For connecting to pre-existing networks (e.g., a shared monitoring network), use external networks:
networks:
monitoring:
external: true
When scaling services, each replica gets its own container on the same network. Use depends_on with healthcheck and condition to ensure service readiness, rather than relying on start order alone.
Conclusion
Docker’s networking model provides flexible, secure, and performant options for container communication. Start with user-defined bridge networks for single-host multi-container applications — they offer automatic DNS resolution and better isolation than the default bridge. For multi-host deployments, use overlay networks with Docker Swarm.
When designing your network topology:
- Prefer DNS-based service discovery over hardcoded IP addresses.
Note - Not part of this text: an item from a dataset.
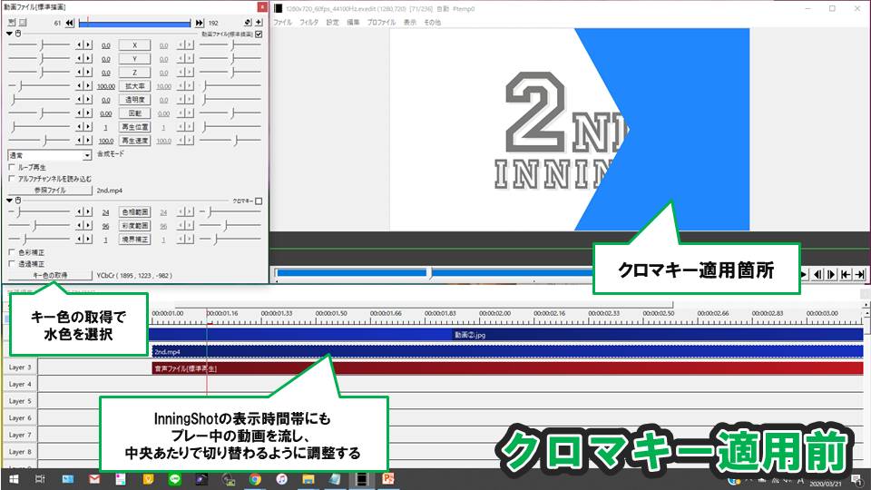 InningShot_002はクロマキーを使って水色の部分を透過する必要があります。

- Use separate bridge networks to isolate tiers based on trust levels.
- Choose host networking only when latency or interface access is critical.
- Leverage Compose network definitions to make your infrastructure declarative and reproducible.
Debug network issues with docker network inspect, docker exec into containers to run ip addr and tcpdump, and check firewall rules for cross-host connectivity problems. With these fundamentals in place, you can build container networks that are both powerful and easy to manage.